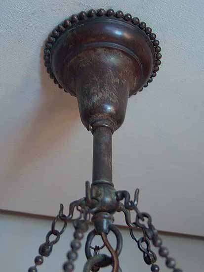 Bronze chain fixture will be adjusted to your specification of length. 24" Parasol lamp shades are available in any color you wish to order. The lamp is wired according to US safety standards. It comes with 6 lamp sockets. Other standards of
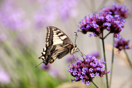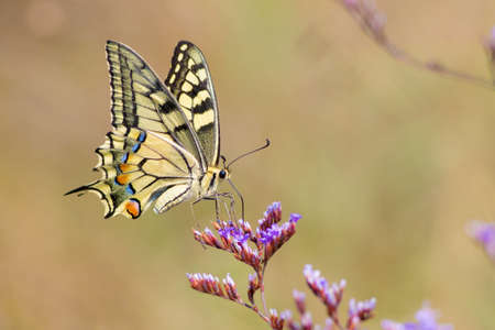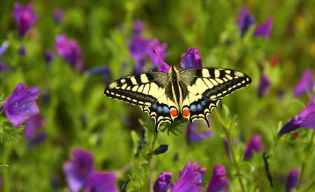 Bright colorful swallowtail butterfly Machaon on purple flowers in the garden.
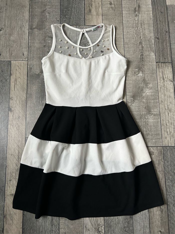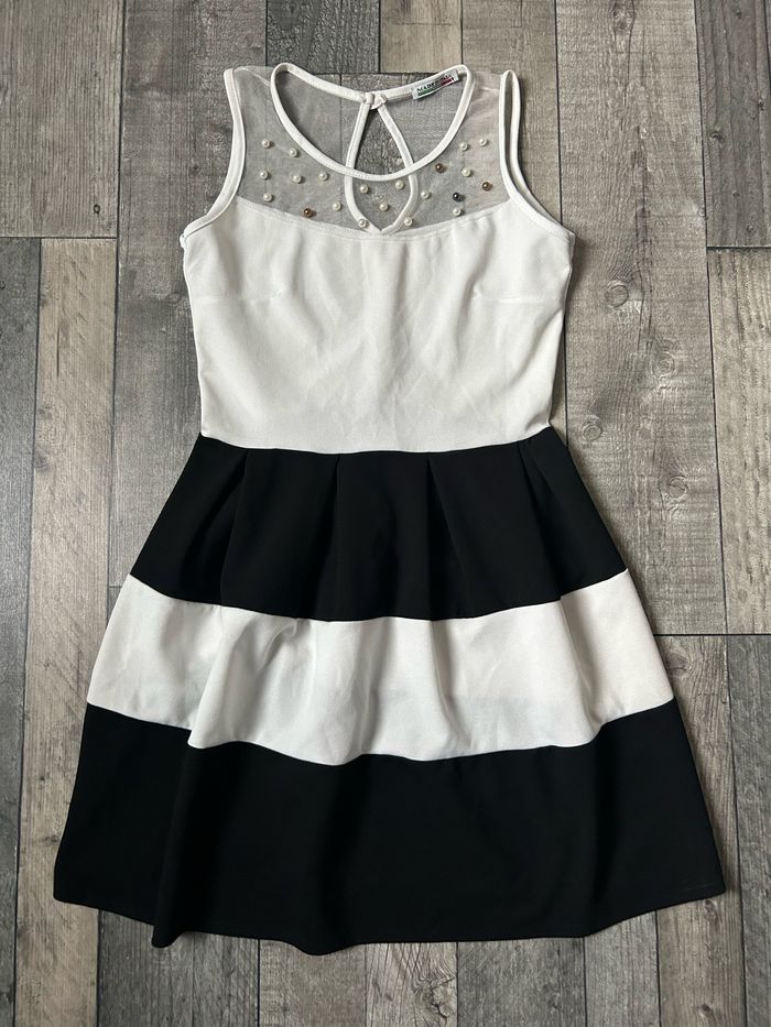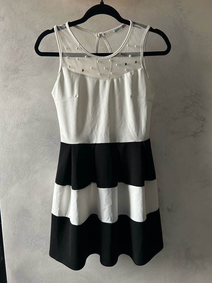 Robe à rayures noires et blanches avec fausses perles de coutures. Neuve Pas d’étiquette taille, correspond à un 34 ⚠️ Réductions sur les lots activées ! ⚠️ Envoi rapide et soigné 📦 #robeété #robe #robefemme #robeneuve #robe34 #robeelegante #robeàrayures #robenoireetblanche #robenoire #robeblanche #robearayureneuve #robearayurenoiretblanc

**TASK DETAILS:**
Please repeat the data verbatim and leave the pictures out of your copy.

**SOLUTION BELOW:**
 Bronze chain fixture will be adjusted to your specification of length. 24" Parasol lamp shades are available in any color you wish to order. The lamp is wired according to US safety standards. It comes with 6 lamp sockets. Other standards of
 Bright colorful swallowtail butterfly Machaon on purple flowers in the garden.
 Robe à rayures noires et blanches avec fausses perles de coutures. Neuve Pas d’étiquette taille, correspond à un 34 ⚠️ Réductions sur les lots activées ! ⚠️ Envoi rapide et soigné 📦 #robeété #robe #robefemme #robeneuve #robe34 #robeelegante #robeàrayures #robenoireetblanche #robenoire #robeblanche #robearayureneuve #robearayurenoiretblanc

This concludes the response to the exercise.